# tires for 2500 Duramax with 8-hole chassis mount



## cravendawg (Aug 3, 2004)

It is time for new tires -- Does anyone have strong opinions for or against a particular LT 10-ply ? I am driving mostly I-95 and less off-road, and now fewer miles..... The Michelin LT XMS developed sidewall cracks after 35k and 3-1/2 years; I chose them for a quieter, easier ride. Previously, ran on Bridgestone V-Steel and got 51K out of them but they were a harder and noisier ride. I do not remember what the original equipment was, but those gave me 41k miles.
Thanks for any ideas/comments. Ginny


----------



## Dwayne McElrath (Mar 28, 2014)

I am running a set of Toyo Open Country HT on my F-250. Quiet and smooth ride looks like a tractor trailer tire not very good in wet off road situations though.


----------



## cravendawg (Aug 3, 2004)

I will take a closer look at Toyo's AT. Thank you for the input, D-MAC. Ginny


----------



## Joey Tamburin (Aug 3, 2015)

I run Nitto Grappler ATs on my F-250s. Gone through 5-6 sets over 3 trucks. I usually get 45k miles on a set.


----------



## BonMallari (Feb 7, 2008)

Joey Tamburin said:


> I run Nitto Grappler ATs on my F-250s. Gone through 5-6 sets over 3 trucks. I usually get 45k miles on a set.

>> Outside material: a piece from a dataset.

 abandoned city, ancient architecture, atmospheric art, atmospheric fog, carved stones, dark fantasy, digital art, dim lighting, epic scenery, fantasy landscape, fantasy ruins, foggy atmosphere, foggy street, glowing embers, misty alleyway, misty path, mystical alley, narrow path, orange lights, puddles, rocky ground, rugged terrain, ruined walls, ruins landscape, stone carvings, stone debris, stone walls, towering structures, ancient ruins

Ginny : we just put a set of these on Clint's Chevy 2500 PU last month and he is VERY pleased with them, the truck is over twelve yrs old and has had Michelin's,Toyo, Cooper, and Goodyear's

its an aggressive tread design but it seems to handle well at the training grounds and quiet enough around town


----------



## 2labs (Dec 10, 2003)

Are these trucks you are all mentioning have Chassis mounted?


----------



## BonMallari (Feb 7, 2008)

2labs said:


> Are these trucks you are all mentioning have Chassis mounted?

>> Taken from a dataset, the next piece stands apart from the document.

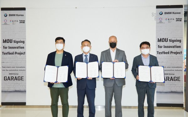 BMW 그룹 코리아(대표 한상윤)가 한국무역협회, 경기창조경제혁신센터, 퓨처플레이와 함께 국내 유망 스타트업 발굴을 위한 업무협약(MOU)을 체결하고 ‘BMW 테스트베드 프로젝트’를 공동 추진한다.

our Chevy 2500 PU has an A.R.E. topper mounted, and will also pull a trailer during deer season, nowhere near the weight of a chassis mount


----------



## Jeb Becker (Dec 19, 2011)

I have a 2500hd and run bfg a/t get 40-50k a set,i dont have a chassis mount but have a slide in camper and cross the scales at 7k pounds on the rear axle.The bfg have one of the highest weight ratings thats why i went with them and being on the side of the road with a blowout aint no fun.Good luck with your choice


----------



## mizzippi jb (Jan 22, 2014)

We run toyo AT2's on our f 250's at work. Really nice all terrain tire and we get great miles out of them. Lots of pulling skid steers, 3-4 days a week on average. We haven't had good luck at all with the bfg tires on the diesel trucks, but they do seem to do well on the gas burners.


----------



## cravendawg (Aug 3, 2004)

Joey, Thank you. I have not seen that tire - but will now take a look. Ginny


----------



## cravendawg (Aug 3, 2004)

Hey, Bon ! Glad to hear from you -- and thanks for the input. I like what you and Joey have to say about the Grapplers -- adding them to the list. Take care -- Ginny


----------



## cravendawg (Aug 3, 2004)

Jim Brantley - thank you for the help.


----------



## Remitaz (Oct 23, 2014)

I just got my second set of Michelin LTX AT2 from Costco - same type as first set lasted me over 70 K miles in a little over 6 years. They do great on highway, yet give me enough traction off road nice for 10 ply in my experience.


----------



## Wingshooter (Jan 30, 2014)

BF Goodrich KO2. An absolutely awesome tire and looks great also. Great traction in rain and snow and I didn't lose a mile in gas mileage.


----------